Nelson Rodrigues, Brazilian greatest playwright, once wrote that Glauber Rocha's third feature “is a triumphal vomit”. There has never been a political thriller with such and perfectly unbalanced form, with such a mastery of flowing through different tones and modes of narration. Glauber is not making a theory about trance, but creating a trance about theory. An opera out of synch, an essay film, a sound piece, an anti-colonial masterpiece.

UNSICHTBARE GEGNER

1978 Austria

One of the most beautifully edited comedies of all time. Speculative fiction with such a perfect pace. This is one of those films that seems like could last forever, in the sense that it keeps producing one more great idea per second, and one more, and another… It’s a bit like Fellini with estrogen and paranoia. A very precise study of masculinity. A great double bill with Luc Moullet’s Anatomy of a Relationship.

Twenty Years Later

1984 Brazil

To be colonised is to have your history stolen. And naturally, to build it up again, and again. Coutinho’s cinema is always about the modes of this exercise of building it. And about this imposed intimacy with death and erasure.

Histoire(s) du Cinéma

1988 France, Switzerland

Cinema is where we echo André Bazin’s question “What is cinema?”. Cinema usually lies where we doubt its presence. Godard made the masterpiece of film essays combining a unstoppable childlike enthusiasm with electronic video tools and a consistent conscience of visual history.

Twin Peaks: The Return

2017

The glorious end of the myth of storytelling. Lynch knows exactly how to evoke and provoke through the tropes of American narrative culture and reveal its its inherent void. There’s nothing behind the door. And the door, maybe it’s a window. It’s never clear whether Lynch is creating a proto-cinema or a post cinema. But nothing is in time. Lynch is such a gifted film critic.

Meshes of the Afternoon

1943 USA

Another poem about trance. Another trance about poetry.

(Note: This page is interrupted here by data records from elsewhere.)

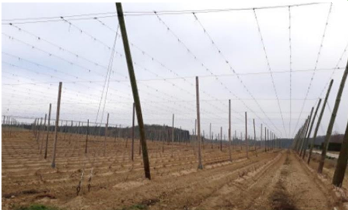
Abb. 1: Hopfengarten nach der Ernte (ohne Einsaat in der Fahrgasse)
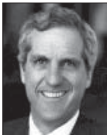
Senator Eliot Shapleigh
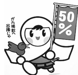
がん検診受診率50パーセント達成に向けた厚生労働省のイメージキャラクター
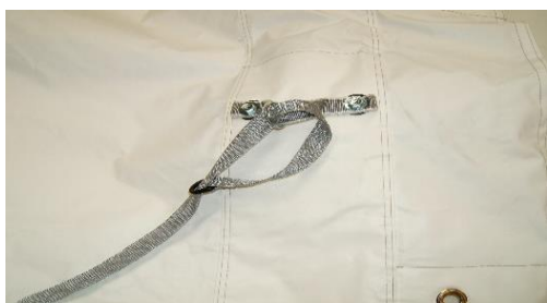
Faire coulisser la sangle déport au travers de la poignée

Attention : utiliser les sangles dallage ou sangles déport (inclus dans le kit). Celles-ci vous évitent l'utilisation de lest si vous êtes sur une surface finie. Ces sangles vous permettent de déporter la fixation au-delà du dallage (attachez-les aux 4 coins de l'abri et les fixer à 45°, voir photos) ACM1/90 : compte tenu de sa longueur, il faudra mettre en plus une sangle déport au milieu de l'abri de chaque côté

There are some films that exhale the strong power of spreading the independent desire of one to make its own film, to discover their own language, to develop their own way of production. Every single object in the film has a very intense sense of presence, of being a living thing. Dreaming is essential. That’s why capitalism wants to kill it.

Love Is the Message, the Message Is Death

2016 USA

A militant film against property. An inappropriate film about history. An exciting film about death - about what some call the “death of cinema”. Cinema is everywhere. Is within the cut. Death is somehow a matter of rhythm, a matter of falling. So, falling on the ground is, somehow, rehearsing. This is a masterpiece about repetition, about practicing, and the process of transmitting things through other modalities of languages. This is like Oscar Micheaux remaking Histoire(s) du Cinéma.